Problem to solve. Below are the entries. Print only the lines starting at the one with "Enjoy the perfect" and ending at the one with "V praxi zatím", exactly, with no pictures.

Data shown.
★ ★ ★ ★

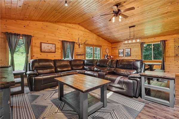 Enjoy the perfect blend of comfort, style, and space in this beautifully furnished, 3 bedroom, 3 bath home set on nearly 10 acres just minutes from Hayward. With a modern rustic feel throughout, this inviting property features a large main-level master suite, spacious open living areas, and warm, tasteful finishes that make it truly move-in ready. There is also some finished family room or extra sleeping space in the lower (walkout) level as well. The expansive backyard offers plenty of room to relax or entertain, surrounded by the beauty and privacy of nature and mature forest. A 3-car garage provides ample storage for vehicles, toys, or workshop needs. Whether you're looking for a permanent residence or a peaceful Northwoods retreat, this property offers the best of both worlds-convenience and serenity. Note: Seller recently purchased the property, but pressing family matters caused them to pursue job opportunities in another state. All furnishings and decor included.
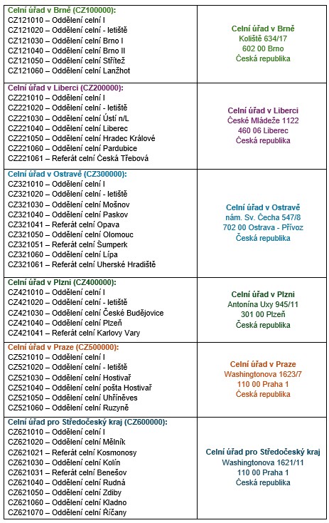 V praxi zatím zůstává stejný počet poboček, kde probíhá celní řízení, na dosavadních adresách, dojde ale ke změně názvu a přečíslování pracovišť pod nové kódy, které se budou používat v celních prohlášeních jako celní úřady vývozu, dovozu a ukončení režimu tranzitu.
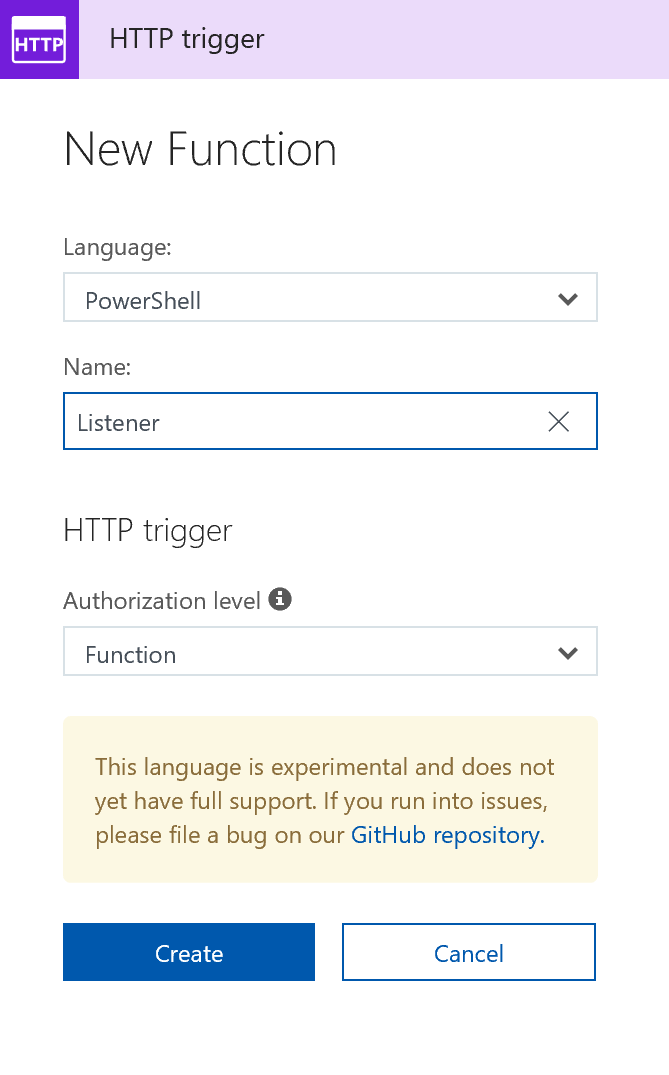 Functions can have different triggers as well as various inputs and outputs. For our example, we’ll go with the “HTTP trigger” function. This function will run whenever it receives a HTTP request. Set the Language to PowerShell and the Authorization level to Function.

★ ★ ★ ★

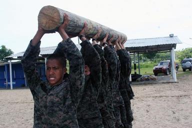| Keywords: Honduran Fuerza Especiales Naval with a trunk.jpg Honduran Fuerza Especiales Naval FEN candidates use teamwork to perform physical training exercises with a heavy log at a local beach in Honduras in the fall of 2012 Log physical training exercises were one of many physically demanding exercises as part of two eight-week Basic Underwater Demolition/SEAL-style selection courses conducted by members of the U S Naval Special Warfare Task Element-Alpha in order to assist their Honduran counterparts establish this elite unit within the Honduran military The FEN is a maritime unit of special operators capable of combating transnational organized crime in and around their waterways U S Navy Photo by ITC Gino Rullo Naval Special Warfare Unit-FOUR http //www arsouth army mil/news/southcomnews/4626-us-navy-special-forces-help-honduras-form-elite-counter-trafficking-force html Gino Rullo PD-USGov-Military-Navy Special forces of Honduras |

★ ★ ★ ★

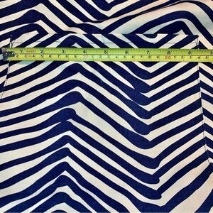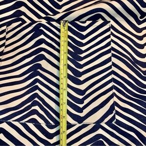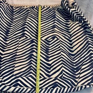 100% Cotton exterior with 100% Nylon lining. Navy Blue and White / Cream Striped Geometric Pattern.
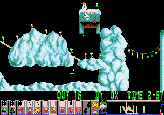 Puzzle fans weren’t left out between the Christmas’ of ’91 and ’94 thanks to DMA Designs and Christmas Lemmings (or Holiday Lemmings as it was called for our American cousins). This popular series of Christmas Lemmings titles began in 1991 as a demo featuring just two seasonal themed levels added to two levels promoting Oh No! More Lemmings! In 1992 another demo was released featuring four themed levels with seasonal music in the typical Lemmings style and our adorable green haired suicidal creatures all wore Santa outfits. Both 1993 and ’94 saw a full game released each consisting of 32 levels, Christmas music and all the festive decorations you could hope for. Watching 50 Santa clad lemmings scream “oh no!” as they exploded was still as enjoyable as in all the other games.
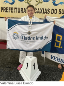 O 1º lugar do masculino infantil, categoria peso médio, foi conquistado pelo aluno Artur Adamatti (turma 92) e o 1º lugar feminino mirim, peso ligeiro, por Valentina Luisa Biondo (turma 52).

★ ★ ★ ★

Output of the task.
 Enjoy the perfect blend of comfort, style, and space in this beautifully furnished, 3 bedroom, 3 bath home set on nearly 10 acres just minutes from Hayward. With a modern rustic feel throughout, this inviting property features a large main-level master suite, spacious open living areas, and warm, tasteful finishes that make it truly move-in ready. There is also some finished family room or extra sleeping space in the lower (walkout) level as well. The expansive backyard offers plenty of room to relax or entertain, surrounded by the beauty and privacy of nature and mature forest. A 3-car garage provides ample storage for vehicles, toys, or workshop needs. Whether you're looking for a permanent residence or a peaceful Northwoods retreat, this property offers the best of both worlds-convenience and serenity. Note: Seller recently purchased the property, but pressing family matters caused them to pursue job opportunities in another state. All furnishings and decor included.
 V praxi zatím zůstává stejný počet poboček, kde probíhá celní řízení, na dosavadních adresách, dojde ale ke změně názvu a přečíslování pracovišť pod nové kódy, které se budou používat v celních prohlášeních jako celní úřady vývozu, dovozu a ukončení režimu tranzitu.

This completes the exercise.